» **Provided data**
....
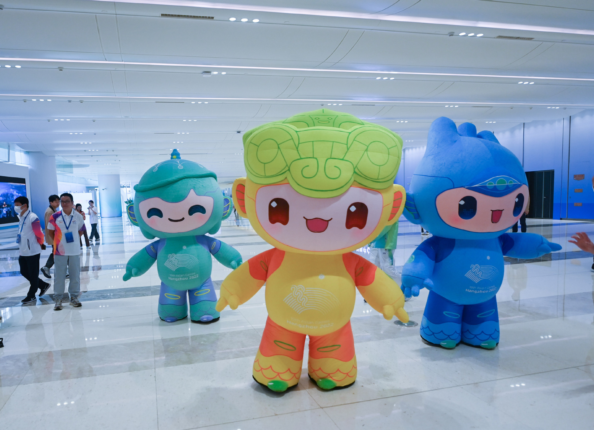 随处可见的亚运“三小只”——吉祥物“江南忆”:琮琮、莲莲、宸宸。从他们的身上,我们看到了中国韵中的厚重隽永:良渚文化证实了中华五千年的文明史;我们看到了中国美中的万物和谐:三潭印月映衬了自然与人文的相得益彰;我们看到了中国魂中的交融开放:钱江潮与大运河澎湃着勇立潮头的精神和信念……
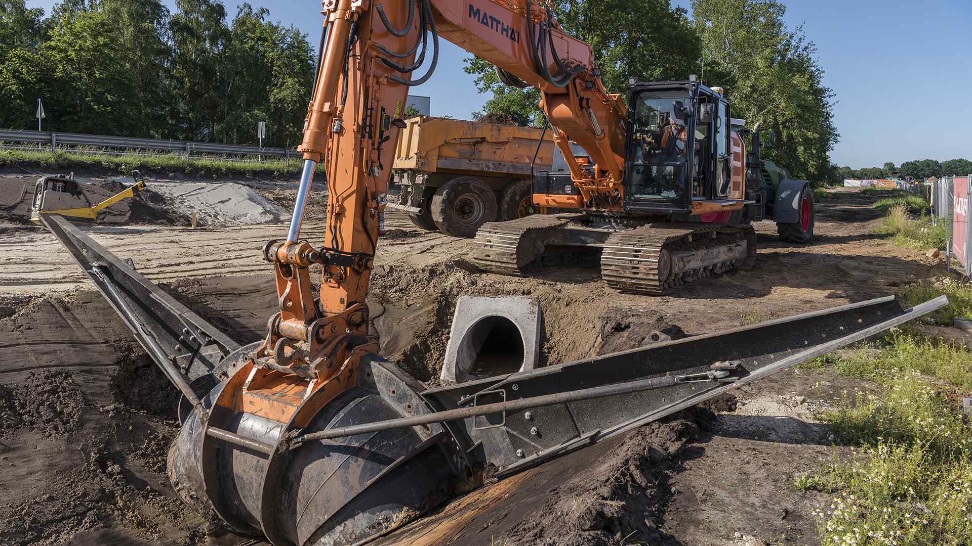 Diese Baumaßnahme beinhaltet das Herstellen der Straßen- und Nebenanlagen, Erdarbeiten, Entwässerungsanlagen, erforderliche Stützwandelemente und Winkelstützen, Markierungsarbeiten, Kleinbeschilderungen, Rückbau Großbeschilderung sowie vorbereitende Arbeiten für die Lichtsignalanlagen und Beleuchtungsarbeiten.
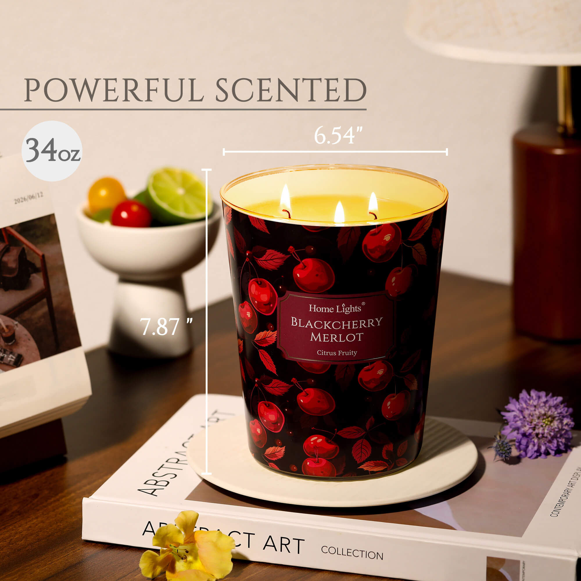 HomeLights Soy Wax Candles for Home Scented, 3-Wick Candles in Blackcherry Merlot Scented, Aromatherapy Candles Gift for Parties, Relaxing, Eclectic Mixed Styles, 34oz
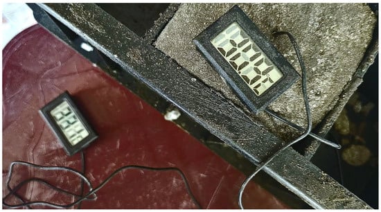 Flexural strength was determined on prism specimens (40 × 40 × 160 mm) at 7, 14, and 28 days according to ASTM C348 []. The specimens were tested under three-point loading with a span length of 100 mm, and the applied load was recorded until failure. Similarly to compressive testing, the mean of three prisms was calculated for each age and SCM dosage. Thermal behavior during hydration was monitored by embedding calibrated electronic temperature sensors at the center of selected mortar cubes. Temperature readings were automatically logged at hourly intervals for the first 72 h of hydration, along with simultaneous ambient temperature measurements. Figure 4 illustrates the thermometer and sensor arrangement. These measurements allowed for assessing the internal exothermic activity associated with hydration reactions and the influence of SCM dosage. Additional testing included flow table measurements for workability assessment (ASTM C230) [], water absorption (ASTM C642) [], and rapid chloride ion penetration (ASTM C1202) []. Density was determined by oven-drying the specimens at 105 ± 5 °C to constant mass and dividing by their respective volumes. Each test was performed in triplicate, and averages are reported to ensure consistency and reliability.
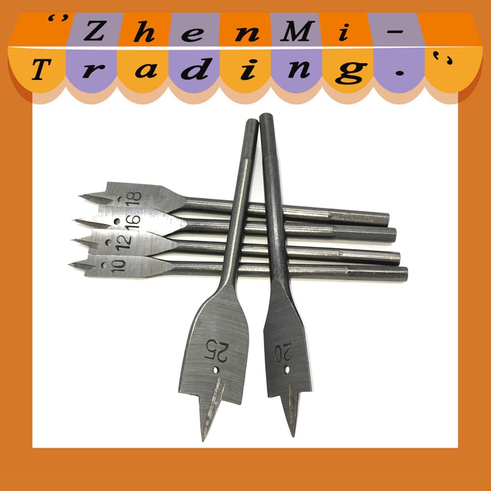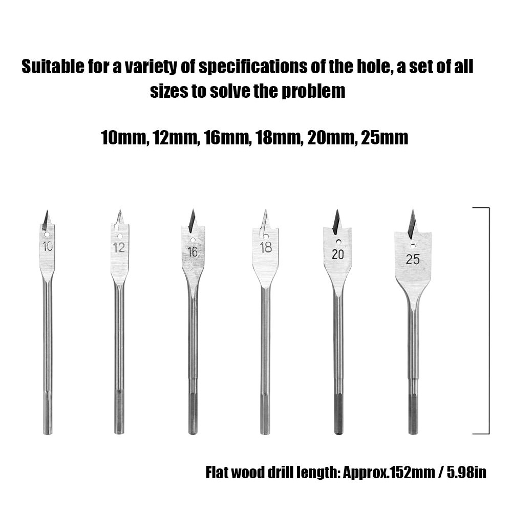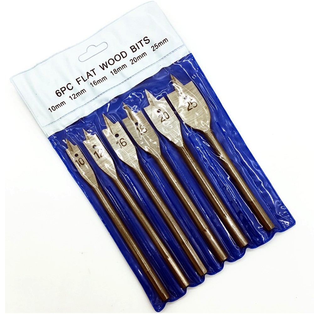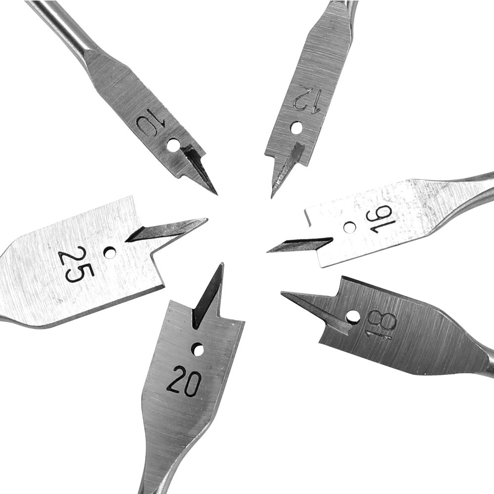 6pcs Flat Spade Drill Bits Set Metal Bit Kit Hex Shank Woodworking Tool Accessories
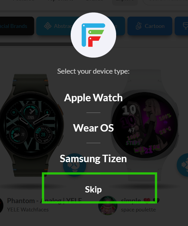 Make sure you have the correct watch selected in the Facer App, that has been updated with WOS6. I can see your design without hitting the skip button.
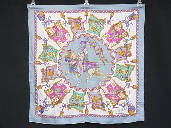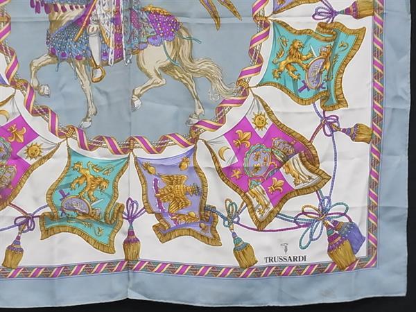 TRUSSARDI トラサルディ シルク100% 総柄 スカーフ ストール ショール レディース ライトブルー系×マルチカラー DI4072
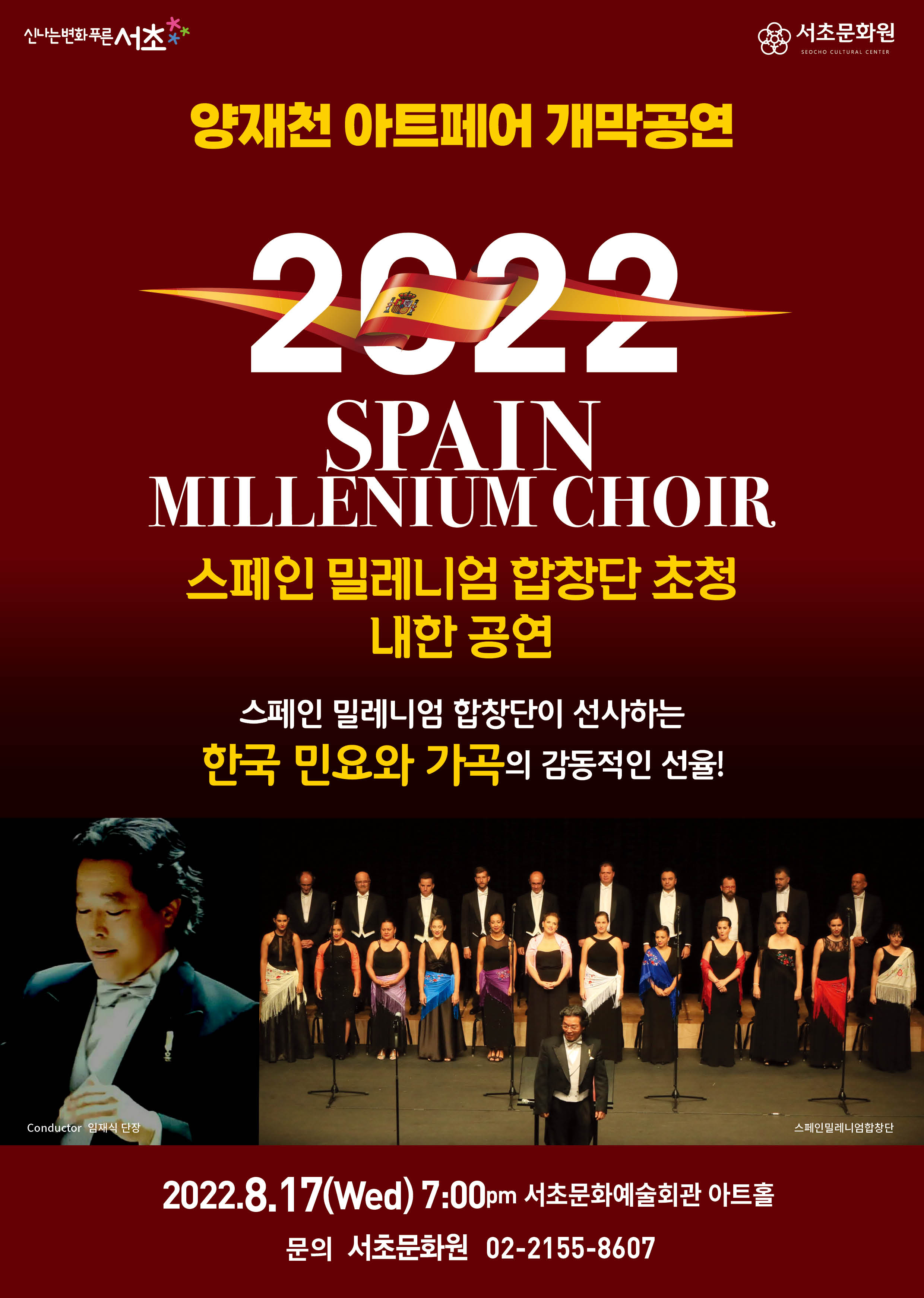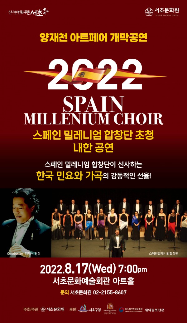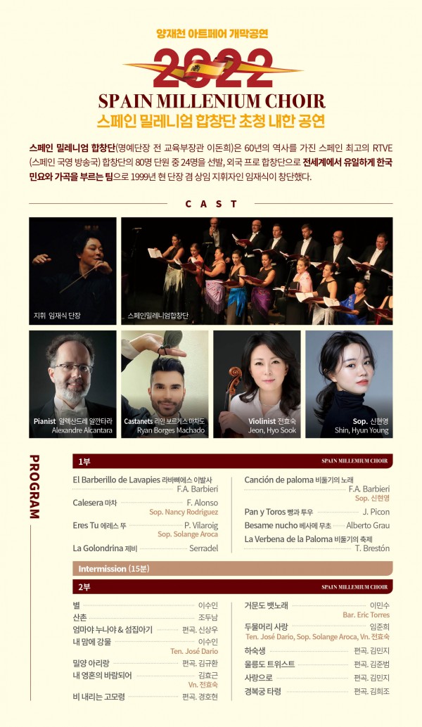 양재천 아트페어 개막공연 <스페인 밀레니엄 합창단 초청 내한 공연> 페이지 정보 작성자 서초문화원 작성일22-07-26 11:10 조회3,740회 댓글0건 관련링크 이전글 다음글 목록 본문 행사명 양재천 아트페어 개막공연 <스페인 밀레니엄 합창단 초청 내한 공연> 일시 2022.08.17.(수) / 19:00 장소 서초문화예술회관 아트홀 공연정보 스페인 단원들이 선사하는 한국민요와 가곡의 감동적인 선율!우리 전통가락과 스페인 감성이 함께 어우러지는 특별한 무대를 즐기며 잊지 못할 추억을 만들어 가시길 바랍니다! 언론보도 이전글 다음글 목록
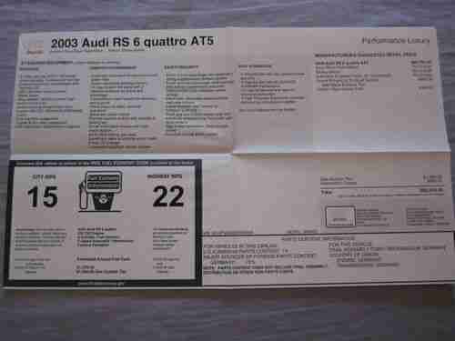 2003 Audi RS6, 4.2 Liter, 450 hp, DOHC V8biturbo, 5 speed automatic transmission w/ pad shifts and Quattro all-wheel drive.
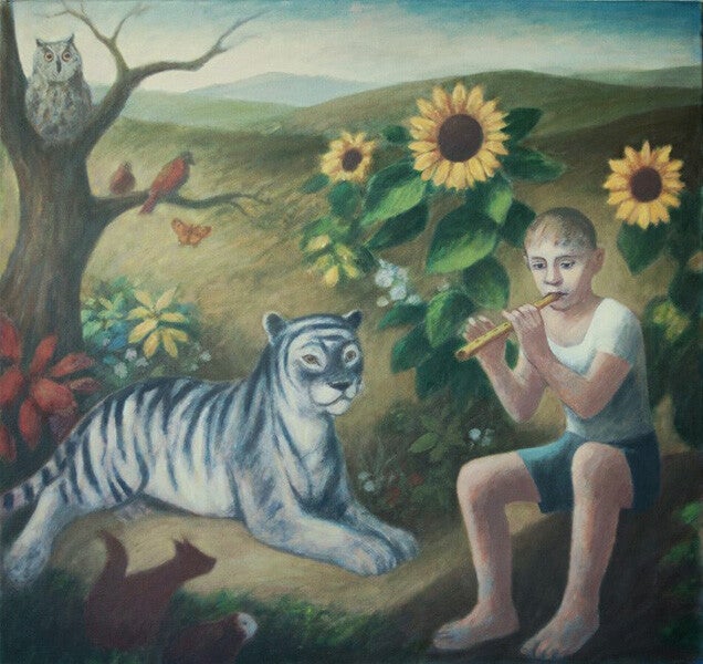 Orpheus met blauwe tijger, 49,4x62 cm o/p 2021
....
» **Task description**
Repeat each line of the records exactly. Do not include the pictures.

» **Solved problem**
 随处可见的亚运“三小只”——吉祥物“江南忆”:琮琮、莲莲、宸宸。从他们的身上,我们看到了中国韵中的厚重隽永:良渚文化证实了中华五千年的文明史;我们看到了中国美中的万物和谐:三潭印月映衬了自然与人文的相得益彰;我们看到了中国魂中的交融开放:钱江潮与大运河澎湃着勇立潮头的精神和信念……
 Diese Baumaßnahme beinhaltet das Herstellen der Straßen- und Nebenanlagen, Erdarbeiten, Entwässerungsanlagen, erforderliche Stützwandelemente und Winkelstützen, Markierungsarbeiten, Kleinbeschilderungen, Rückbau Großbeschilderung sowie vorbereitende Arbeiten für die Lichtsignalanlagen und Beleuchtungsarbeiten.
 HomeLights Soy Wax Candles for Home Scented, 3-Wick Candles in Blackcherry Merlot Scented, Aromatherapy Candles Gift for Parties, Relaxing, Eclectic Mixed Styles, 34oz
 Flexural strength was determined on prism specimens (40 × 40 × 160 mm) at 7, 14, and 28 days according to ASTM C348 []. The specimens were tested under three-point loading with a span length of 100 mm, and the applied load was recorded until failure. Similarly to compressive testing, the mean of three prisms was calculated for each age and SCM dosage. Thermal behavior during hydration was monitored by embedding calibrated electronic temperature sensors at the center of selected mortar cubes. Temperature readings were automatically logged at hourly intervals for the first 72 h of hydration, along with simultaneous ambient temperature measurements. Figure 4 illustrates the thermometer and sensor arrangement. These measurements allowed for assessing the internal exothermic activity associated with hydration reactions and the influence of SCM dosage. Additional testing included flow table measurements for workability assessment (ASTM C230) [], water absorption (ASTM C642) [], and rapid chloride ion penetration (ASTM C1202) []. Density was determined by oven-drying the specimens at 105 ± 5 °C to constant mass and dividing by their respective volumes. Each test was performed in triplicate, and averages are reported to ensure consistency and reliability.
 6pcs Flat Spade Drill Bits Set Metal Bit Kit Hex Shank Woodworking Tool Accessories
 Make sure you have the correct watch selected in the Facer App, that has been updated with WOS6. I can see your design without hitting the skip button.
 TRUSSARDI トラサルディ シルク100% 総柄 スカーフ ストール ショール レディース ライトブルー系×マルチカラー DI4072
 양재천 아트페어 개막공연 <스페인 밀레니엄 합창단 초청 내한 공연> 페이지 정보 작성자 서초문화원 작성일22-07-26 11:10 조회3,740회 댓글0건 관련링크 이전글 다음글 목록 본문 행사명 양재천 아트페어 개막공연 <스페인 밀레니엄 합창단 초청 내한 공연> 일시 2022.08.17.(수) / 19:00 장소 서초문화예술회관 아트홀 공연정보 스페인 단원들이 선사하는 한국민요와 가곡의 감동적인 선율!우리 전통가락과 스페인 감성이 함께 어우러지는 특별한 무대를 즐기며 잊지 못할 추억을 만들어 가시길 바랍니다! 언론보도 이전글 다음글 목록
 2003 Audi RS6, 4.2 Liter, 450 hp, DOHC V8biturbo, 5 speed automatic transmission w/ pad shifts and Quattro all-wheel drive.
 Orpheus met blauwe tijger, 49,4x62 cm o/p 2021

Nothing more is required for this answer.